L'année suivante, la princesse avait déjà 18 ans et avait convaincu ses parents, malgré les réticences du roi, de lui permettre de rejoindre l'Auxiliary Territorial Service, l'ATS, la branche féminine de l'armée britannique.
Les jeunes femmes avaient été recrutées en 1941 et pouvaient travailler dans l'industrie ou rejoindre l'un des services auxiliaires, dans le but de libérer les hommes de ces services pour des tâches de première ligne.

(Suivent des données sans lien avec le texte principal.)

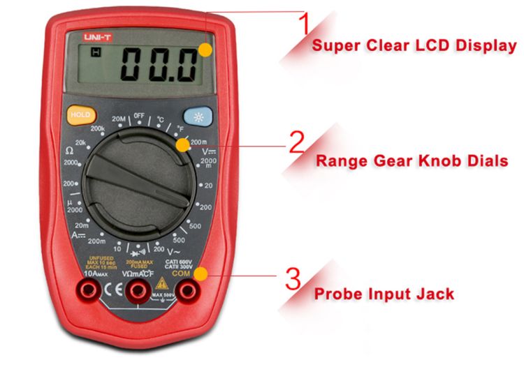 Title: UT33B Multimeter Digital Measuring Analyzing Tool AC Voltage 200V/500V

Princesse "auto-mécanique"
Bien que, contrairement à ses pairs, la princesse ait dormi au château de Windsor et mangé dans le carré des officiers, elle a eu l'occasion de passer du temps avec des filles moins privilégiées de son âge pour la première fois de sa vie.Elle commence sa formation de mécanicienne en mars 1945. Elle suit un cours de conduite et d'entretien de véhicules à Aldershot.
Le roi, la reine et la princesse Margaret lui ont rendu visite et l'ont regardée apprendre l'entretien des moteurs.
Décrivant la visite dans une interview avec le magazine LIFE , la princesse a commenté : "Je ne savais pas qu'il y avait autant de préparation [pour une visite royale]... Je garderai cela à l'esprit."
Bien sûr, les médias étaient remplis d'images d'elle réparant des moteurs et conduisant des camions. Les journaux de l'époque l'ont surnommée "Auto-Mechanical Princess".
La princesse a terminé son cours au ATS Mechanics Training Center et est devenue conductrice pleinement qualifiée le 14 avril.
Le 8 mai 1945, la guerre en Europe prend fin.
Un lien profond
À Londres, des milliers de personnes sont descendues dans la rue pour célébrer la fin du conflit et ont inondé Trafalgar Square et le Mall qui mène à Buckingham Palace, où cette famille royale qui était restée avec eux dans les moments difficiles leur a fait signe depuis le balcon.En 1985, l'actuelle reine a déclaré à la BBC qu'elle et sa sœur avaient rejoint la foule.
"Je me souviens que nous avions peur d'être reconnus, alors j'ai baissé ma casquette d'uniforme ATS sur mes yeux", se souvient-elle.
Nous avons tous été emportés par des raz-de-marée de bonheur et de soulagement.
"Ce fut l'une des nuits les plus mémorables de ma vie.
"Elizabeth II a été la première femme de la famille royale à être membre en service actif des forces armées britanniques.
Et jusqu'au 8 septembre 2022, elle était aussi le dernier chef d'État survivant ayant servi pendant la Seconde Guerre mondiale.
Elle n'a jamais perdu le plaisir de conduire, parfois à grande vitesse, et on dit qu'elle réparait parfois des moteurs défectueux comme elle l'avait appris pendant la guerre.
Mais il y avait quelque chose qui s'est forgé dans cette période amère et qui a duré : un lien profond avec ses sujets. Parce qu'elle et sa famille étaient là, pendant et après.
Alors que la calamité de la pandémie de coronavirus a frappé son royaume, elle a clôturé son message de soutien à la nation avec des échos de cet esprit d'espoir et de stoïcisme de la guerre, citant la chanson emblématique de la Seconde Guerre mondiale interprétée par "la chérie des forces armées", la Britannique Vera Lynn :
"On se reverra"..."Nous nous reverrons".